No one will argue against trying to get our best teachers to the kids who need them most, but I believe using teacher salary to make the argument is the wrong approach. Other elements of WSF make sense, like giving schools additional money for high-need, high-poverty kids, but trying to make salary part of the problem is wrongheaded.
That's a goal of WSF, though. From the report (page 15):
Because some staff members are paid much more than others, one school can effectively receive quite a bit more funding than another it it employs more experienced, and thus expensive, teachers.
There's nothing effective going on here--the school does not receive the funding, period. Perhaps I shouldn't generalize, but in most districts doesn't your paycheck come from the district office? At my school the only money that comes out of the building budget is for the enrichment classes I teach, and I have to do additional work to get that money.
The hits keep coming. This is from page 26, in a discussion about the autonomy that school leaders need to have to make WSF work:
Staff hiring decisions. Choosing the best teachers for the school within budgetary constraints, and managing the tradeoffs between experienced teachers who cost more and younger teachers who cost less.

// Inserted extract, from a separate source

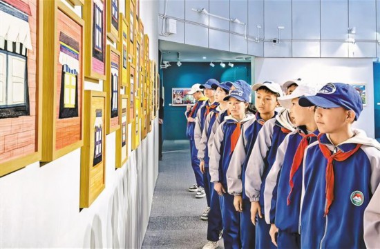圖為5月20日,在自治區(qū)群藝館,來自墨竹工卡縣中學(xué)的學(xué)生欣賞手工作品。記者 洛桑 攝

This should set off warning bells for anyone. The idea that you would look at how much money someone makes as a factor for employment in the school is horrible. Imagine principals cutting high-paid teachers to divert more money to their pet programs and pet pedagogues. Imagine being told after 29 years of teaching music that you weren't going to be welcome any more because your high salary doesn't make it economically feasible any more to have a music program. Imagine getting lunch duty because your principal decided having paras cover lunch was too expensive (you don't have to work very hard to imagine this if you live in NYC).
Am I overreacting? Consider this from page 40:
What happens to teacher seniority under WSF? Adapting teacher seniority rules to WSF will be challenging. If schools must bear the full costs of salaries, and if salaries rise with seniority, schools need to be able to decide the optimal mix of senior and junior teachers on their payrolls. Otherwise, because staff costs make up most of school spending, schools will not truly have control over their budgets. WSF therefore requires that districts eliminate the right of senior teachers to choose their assignments, a right that is in direct conflict with the local autonomy necessary for success.
I see a long, long list of things that could go wrong for teachers here, and I can't see the positives. This may well be one of those fly-by-night ideas that comes and goes with barely a ripple, but if it's not union folk should pay attention.
There are some other small problems with the report that I'll cover in another posting. I'm off to watch fireworks!